### What to work on:
Images do not belong in the copy. Retype the entries exactly.

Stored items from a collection
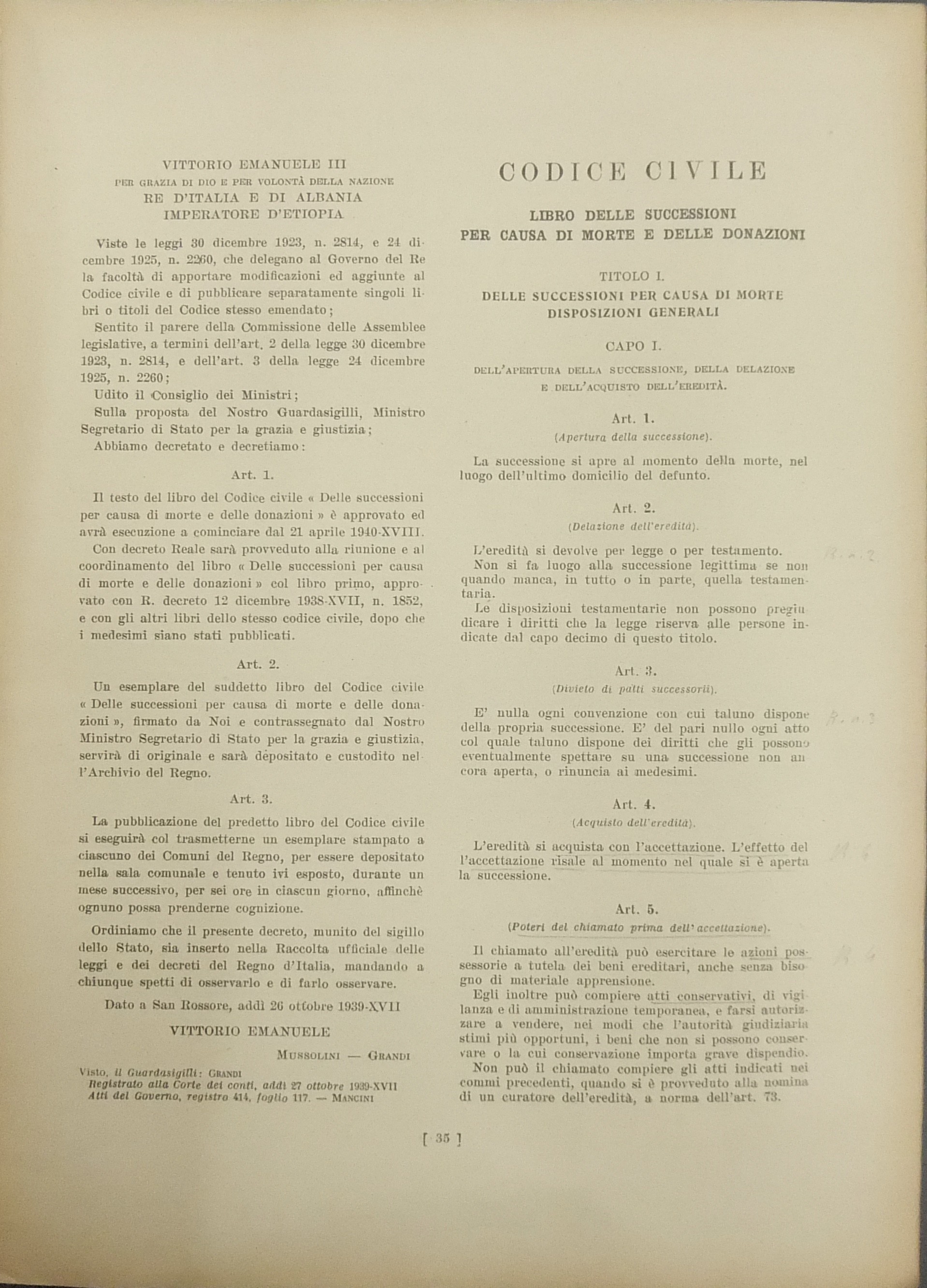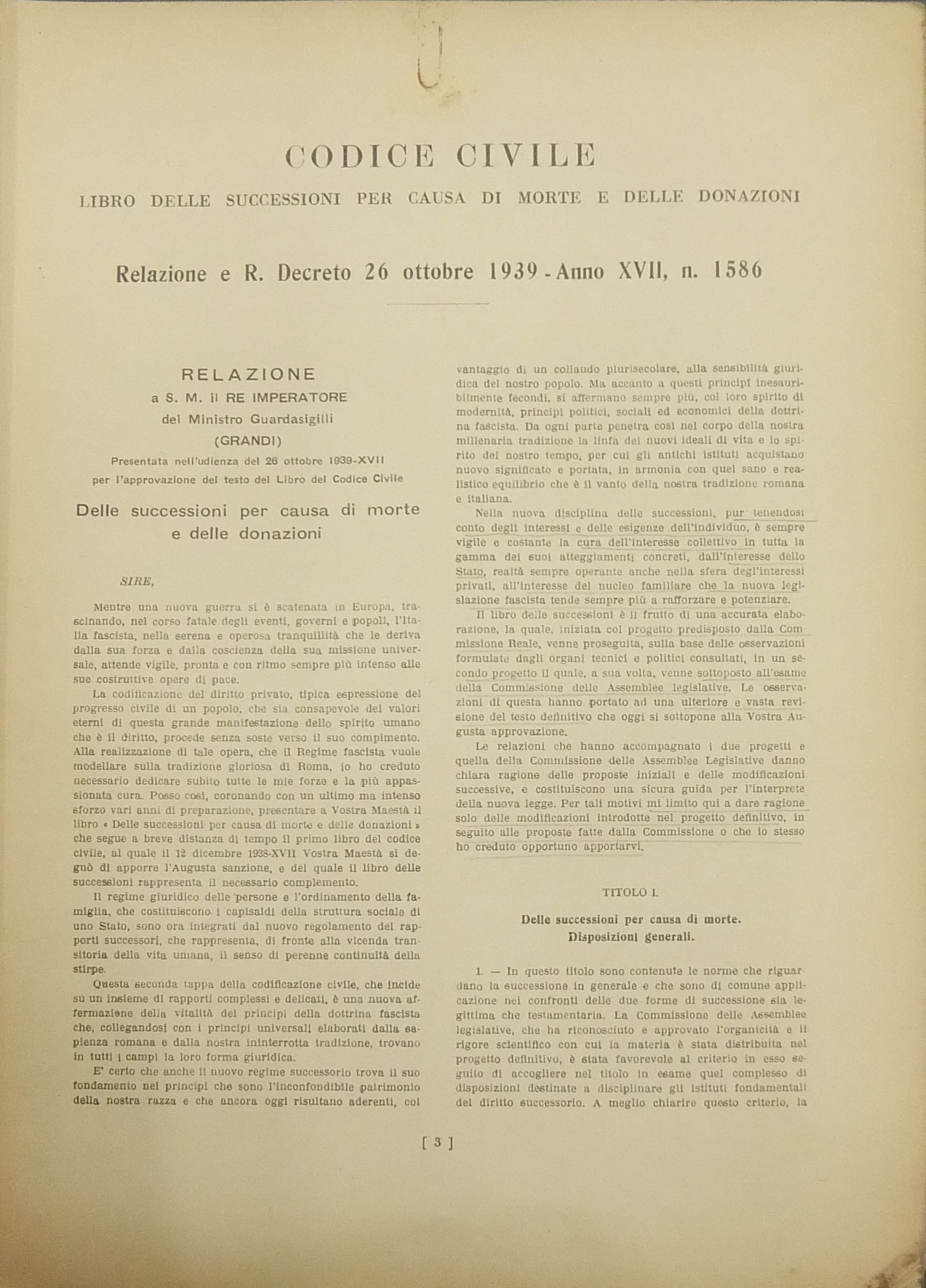 Comprende la Relazione del Ministro Guardasigilli (Grandi) alla Maestà del Re Imperatore (31 pagine)
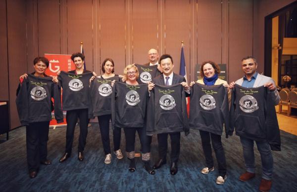 顏處長說,法國6月將舉辦世界盃女子足球賽,他知道足球運動在法國風氣盛,也預祝法國拿下冠軍。而在格勒諾布爾因為美商聚集的關係,也有不少棒、壘球隊,在桃園棒、壘球同樣是許多市民熱愛的運動之一,希望未來有機會組隊到格勒諾布爾交流。在教育方面,桃園大園國際高中和法國阿古斯高中去年締結姊妹校,相信雙方未來也會有很多的交換學生計畫。
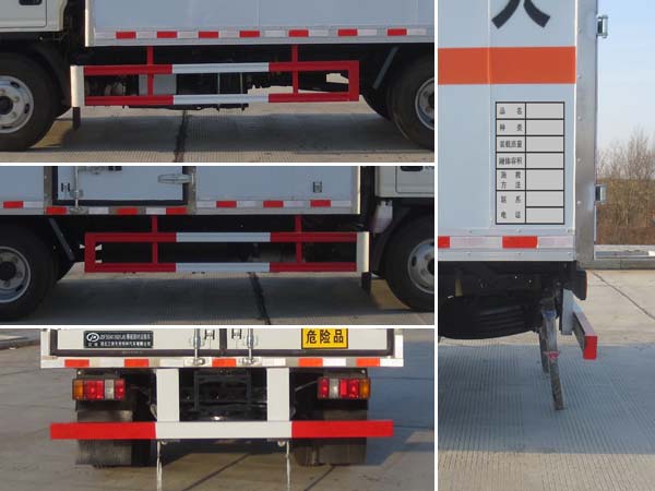 廂體頂部封閉,不可開(kāi)啟;廂體側(cè)面選裝開(kāi)門型式及位置或不帶側(cè)開(kāi)門;該車用于運(yùn)輸具有**容器(瓶)包裝的:黑火藥,壓縮黑火藥,電(非電)引爆雷管,爆破用,專用煙火制品,無(wú)煙火藥,糊狀火藥,爆破炸藥,導(dǎo)爆索,軟的,點(diǎn)燃導(dǎo)火索,射彈,帶有爆炸裝藥,聚能裝藥,不帶雷管,聚能炸藥,不帶雷管,非電引爆雷管組件,爆破用,油井用彈藥筒,固態(tài)推進(jìn)劑,動(dòng)力裝置用彈藥筒,商品爆炸裝藥,不帶雷管,運(yùn)送爆炸品的項(xiàng)號(hào):1.1 D,1.1 D,1.1B,1.1B,1.1G ,1.1C,1.3C,1.1 D,1.1 D,1.4G,1.1D,1.1 D,1.1B,1.1B,1.3C,1.1C,1.3C,1.1D;運(yùn)送危險(xiǎn)貨物車輛的類型:EX/Ⅱ型車輛;僅采用前輪盤式制動(dòng)器,前置排氣管,子午線輪胎,限速裝置的底盤,限速80km/h;轉(zhuǎn)向輪安裝爆胎應(yīng)急防護(hù)裝置;發(fā)動(dòng)機(jī)與油耗申報(bào)值(L/100km)對(duì)應(yīng)關(guān)系為:JX4D30B6H/11.1,JX4D30A6H/11.4,JX4D30C6H/11.4;該車安裝具有衛(wèi)星定位功能的行駛記錄儀;液剎ABS系統(tǒng)型號(hào):APG3550500A,ABS系統(tǒng)生產(chǎn)廠家:浙江亞太機(jī)電股份有限公司;氣剎ABS系統(tǒng)型號(hào): VIE ABS-II,ABS系統(tǒng)生產(chǎn)廠家: 浙江萬(wàn)安科技股份有限公司;側(cè)面防護(hù)及后下部防護(hù)裝置材料材質(zhì):Q235,連接方式:焊接加螺栓連接;后下部防護(hù)裝置斷面尺寸(寬×高):50×100(mm),離地高度:460mm. | |||
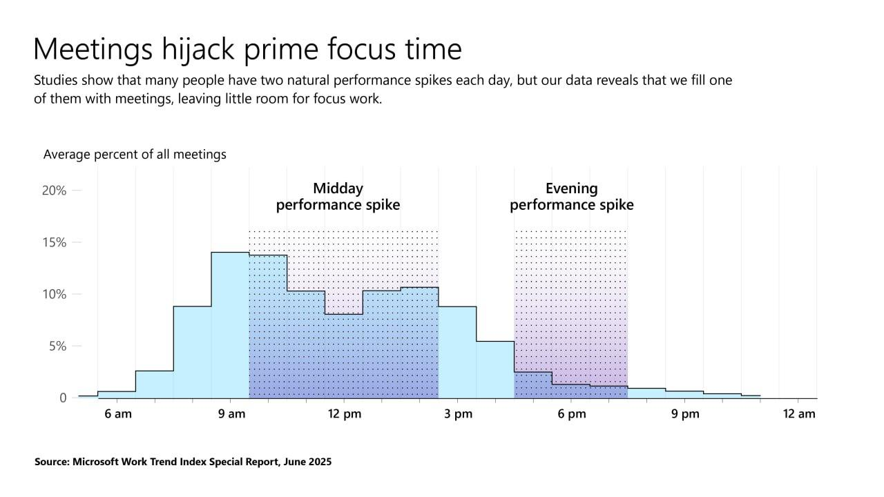 с 9 до 11 и с 13 до 15 загружены бессмысленными встречами. А это пик мозговой активности. Проблема у 50% мировых компаний.
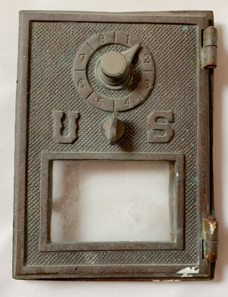 The other thing I added to the mantel was a very old brass post office box door to add a little more “weight” to the right side. I’ve just listed this in my Etsy store, but don’t really want to sell it. I adore architectural salvage like this.
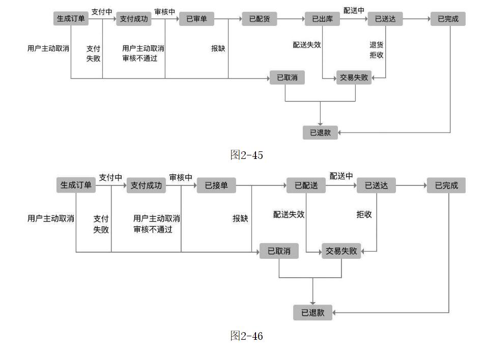 圖2-45和圖2-46所示分別是電商和O2O訂單的流轉(zhuǎn)過(guò)程。
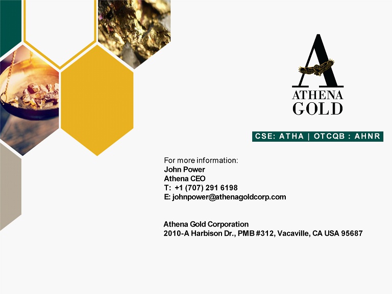 Athena Gold Corporation 2010 - A Harbison Dr., PMB #312, Vacaville, CA USA 95687 For more information: John Power Athena CEO T: +1 (707) 291 6198 E: johnpower@athenagoldcorp.com CSE: ATHA | OTCQB : AHNR
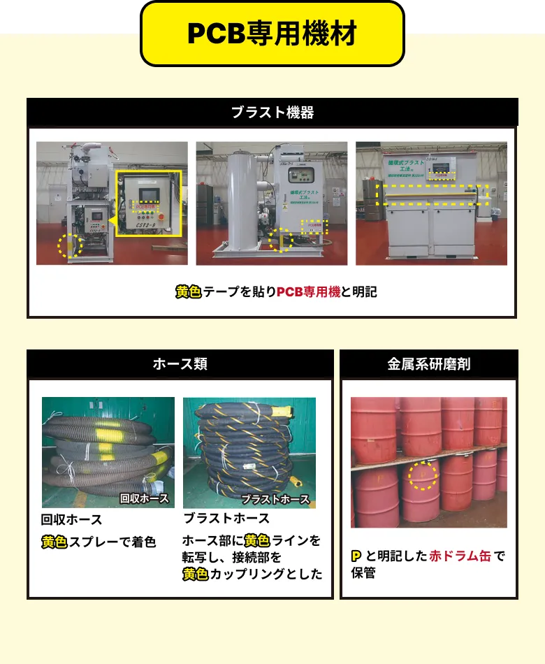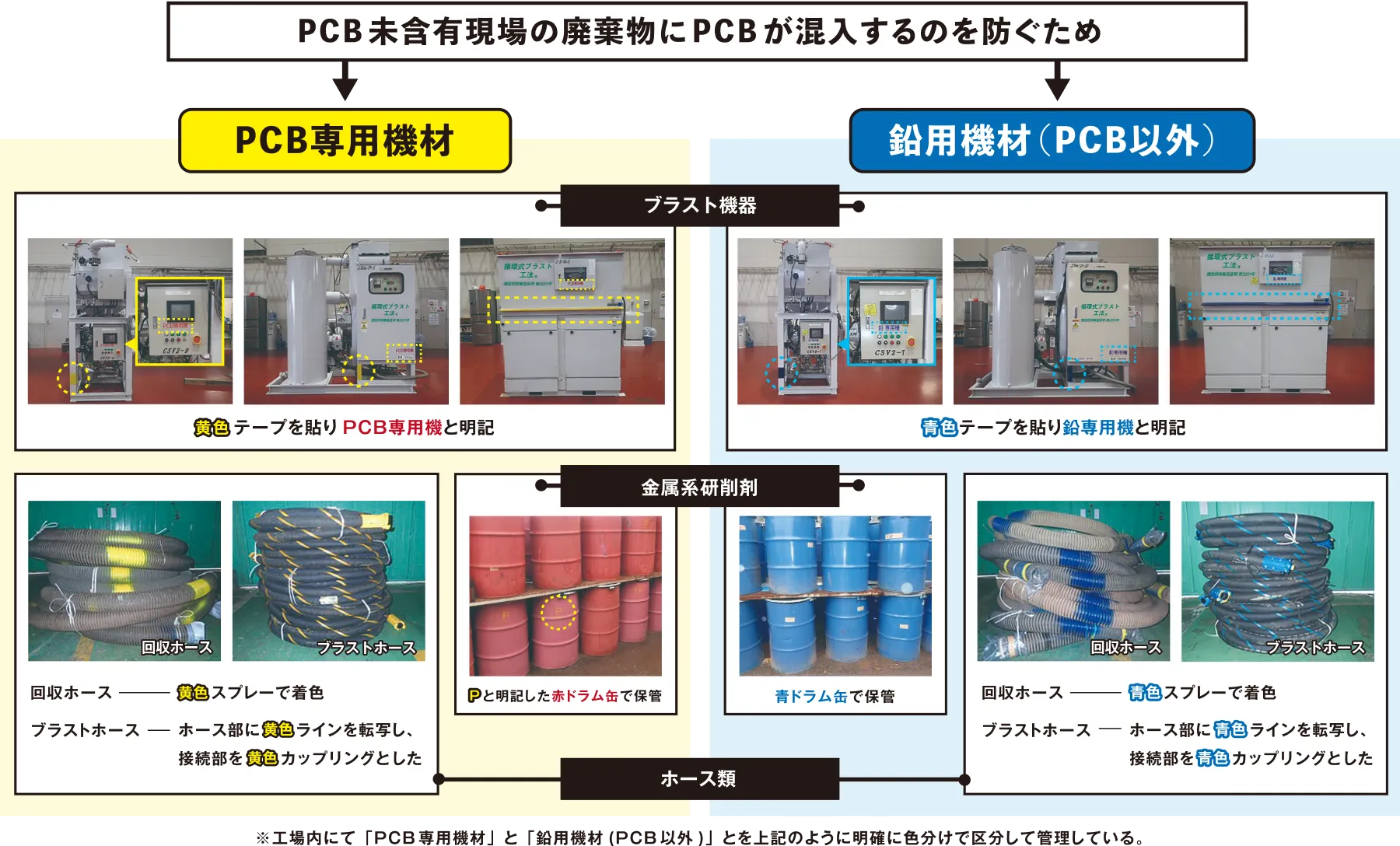 PCB専用機材とPCB以外の鉛用機材とを明確に区別せず作業を行うと、PCB未含有現場も汚染する危険性があります。

### Answer area:
 Comprende la Relazione del Ministro Guardasigilli (Grandi) alla Maestà del Re Imperatore (31 pagine)
 顏處長說,法國6月將舉辦世界盃女子足球賽,他知道足球運動在法國風氣盛,也預祝法國拿下冠軍。而在格勒諾布爾因為美商聚集的關係,也有不少棒、壘球隊,在桃園棒、壘球同樣是許多市民熱愛的運動之一,希望未來有機會組隊到格勒諾布爾交流。在教育方面,桃園大園國際高中和法國阿古斯高中去年締結姊妹校,相信雙方未來也會有很多的交換學生計畫。
 廂體頂部封閉,不可開(kāi)啟;廂體側(cè)面選裝開(kāi)門型式及位置或不帶側(cè)開(kāi)門;該車用于運(yùn)輸具有**容器(瓶)包裝的:黑火藥,壓縮黑火藥,電(非電)引爆雷管,爆破用,專用煙火制品,無(wú)煙火藥,糊狀火藥,爆破炸藥,導(dǎo)爆索,軟的,點(diǎn)燃導(dǎo)火索,射彈,帶有爆炸裝藥,聚能裝藥,不帶雷管,聚能炸藥,不帶雷管,非電引爆雷管組件,爆破用,油井用彈藥筒,固態(tài)推進(jìn)劑,動(dòng)力裝置用彈藥筒,商品爆炸裝藥,不帶雷管,運(yùn)送爆炸品的項(xiàng)號(hào):1.1 D,1.1 D,1.1B,1.1B,1.1G ,1.1C,1.3C,1.1 D,1.1 D,1.4G,1.1D,1.1 D,1.1B,1.1B,1.3C,1.1C,1.3C,1.1D;運(yùn)送危險(xiǎn)貨物車輛的類型:EX/Ⅱ型車輛;僅采用前輪盤式制動(dòng)器,前置排氣管,子午線輪胎,限速裝置的底盤,限速80km/h;轉(zhuǎn)向輪安裝爆胎應(yīng)急防護(hù)裝置;發(fā)動(dòng)機(jī)與油耗申報(bào)值(L/100km)對(duì)應(yīng)關(guān)系為:JX4D30B6H/11.1,JX4D30A6H/11.4,JX4D30C6H/11.4;該車安裝具有衛(wèi)星定位功能的行駛記錄儀;液剎ABS系統(tǒng)型號(hào):APG3550500A,ABS系統(tǒng)生產(chǎn)廠家:浙江亞太機(jī)電股份有限公司;氣剎ABS系統(tǒng)型號(hào): VIE ABS-II,ABS系統(tǒng)生產(chǎn)廠家: 浙江萬(wàn)安科技股份有限公司;側(cè)面防護(hù)及后下部防護(hù)裝置材料材質(zhì):Q235,連接方式:焊接加螺栓連接;后下部防護(hù)裝置斷面尺寸(寬×高):50×100(mm),離地高度:460mm. | |||
 с 9 до 11 и с 13 до 15 загружены бессмысленными встречами. А это пик мозговой активности. Проблема у 50% мировых компаний.
 The other thing I added to the mantel was a very old brass post office box door to add a little more “weight” to the right side. I’ve just listed this in my Etsy store, but don’t really want to sell it. I adore architectural salvage like this.
 圖2-45和圖2-46所示分別是電商和O2O訂單的流轉(zhuǎn)過(guò)程。
 Athena Gold Corporation 2010 - A Harbison Dr., PMB #312, Vacaville, CA USA 95687 For more information: John Power Athena CEO T: +1 (707) 291 6198 E: johnpower@athenagoldcorp.com CSE: ATHA | OTCQB : AHNR
 PCB専用機材とPCB以外の鉛用機材とを明確に区別せず作業を行うと、PCB未含有現場も汚染する危険性があります。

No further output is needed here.